If a line below contains the string "when", copy it out.

(Beginning of Data for analysis)

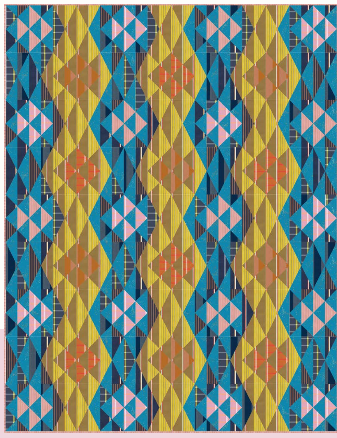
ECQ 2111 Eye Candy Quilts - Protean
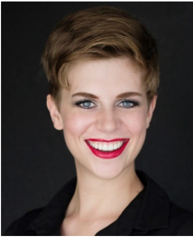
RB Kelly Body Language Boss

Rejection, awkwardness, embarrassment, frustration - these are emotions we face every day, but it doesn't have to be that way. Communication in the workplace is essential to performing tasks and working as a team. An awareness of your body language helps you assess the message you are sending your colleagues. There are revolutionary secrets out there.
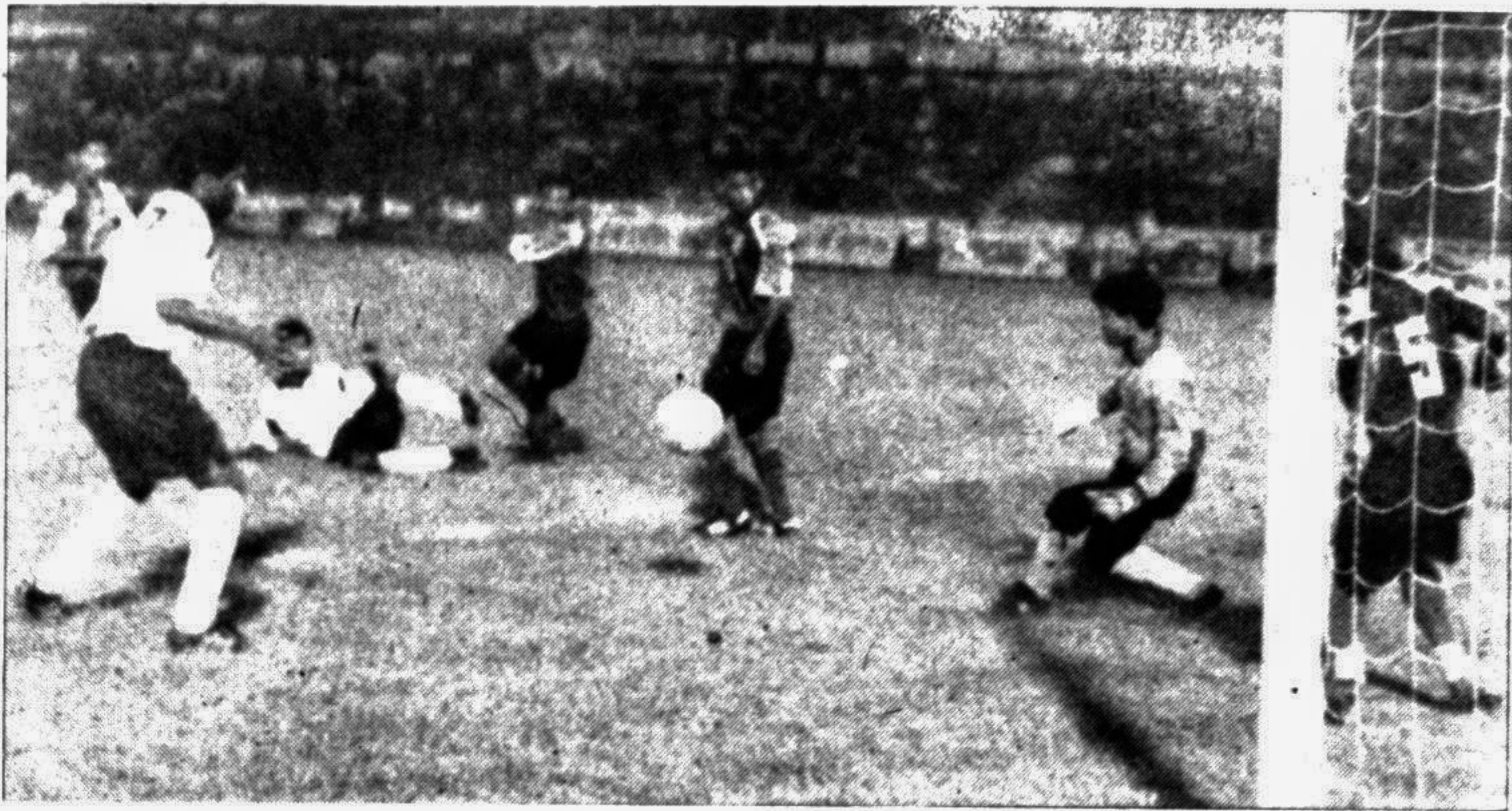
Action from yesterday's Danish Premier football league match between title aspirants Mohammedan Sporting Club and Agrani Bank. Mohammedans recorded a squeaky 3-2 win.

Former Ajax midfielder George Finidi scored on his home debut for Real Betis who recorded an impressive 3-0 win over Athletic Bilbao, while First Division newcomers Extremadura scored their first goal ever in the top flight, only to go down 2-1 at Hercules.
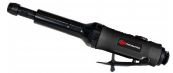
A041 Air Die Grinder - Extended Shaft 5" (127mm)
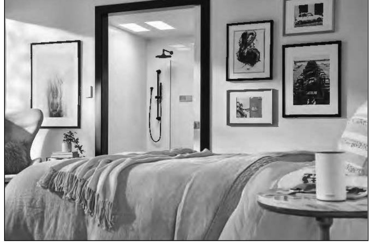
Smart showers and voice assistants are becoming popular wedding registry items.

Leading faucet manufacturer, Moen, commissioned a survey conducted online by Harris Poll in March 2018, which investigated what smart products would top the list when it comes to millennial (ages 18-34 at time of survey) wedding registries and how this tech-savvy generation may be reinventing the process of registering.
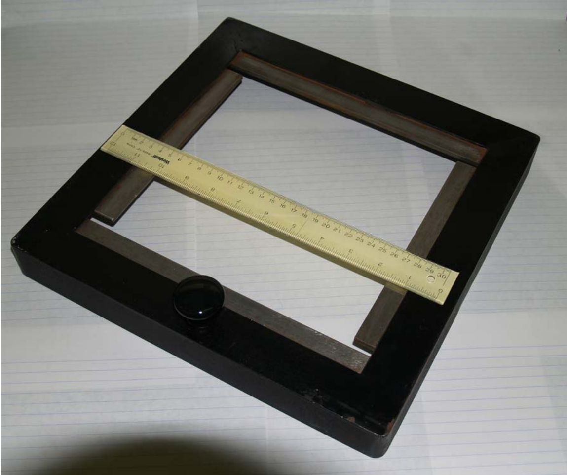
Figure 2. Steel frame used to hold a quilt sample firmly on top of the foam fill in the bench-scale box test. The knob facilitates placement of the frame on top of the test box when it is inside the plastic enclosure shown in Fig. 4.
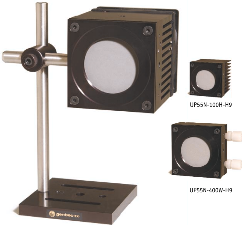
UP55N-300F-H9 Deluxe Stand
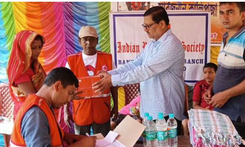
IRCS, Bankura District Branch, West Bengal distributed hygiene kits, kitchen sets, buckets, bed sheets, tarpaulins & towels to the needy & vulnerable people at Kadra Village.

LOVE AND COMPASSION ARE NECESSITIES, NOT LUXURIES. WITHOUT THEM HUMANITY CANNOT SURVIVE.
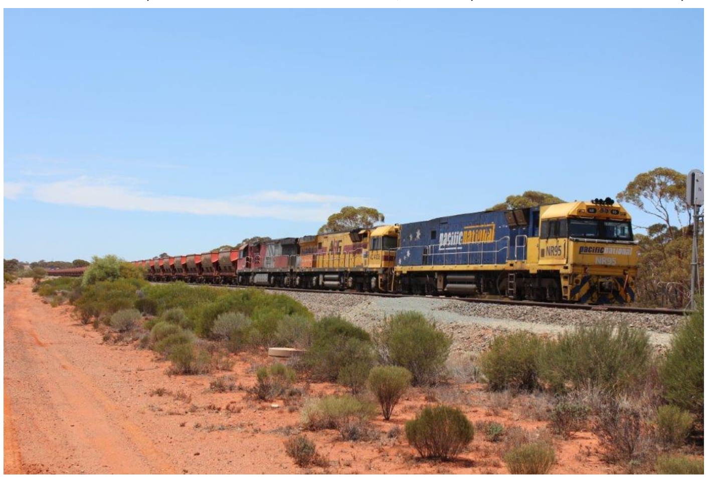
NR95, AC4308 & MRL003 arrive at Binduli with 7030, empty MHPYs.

(End of Data for analysis)

• Solution to the problem
Leading faucet manufacturer, Moen, commissioned a survey conducted online by Harris Poll in March 2018, which investigated what smart products would top the list when it comes to millennial (ages 18-34 at time of survey) wedding registries and how this tech-savvy generation may be reinventing the process of registering.
Figure 2. Steel frame used to hold a quilt sample firmly on top of the foam fill in the bench-scale box test. The knob facilitates placement of the frame on top of the test box when it is inside the plastic enclosure shown in Fig. 4.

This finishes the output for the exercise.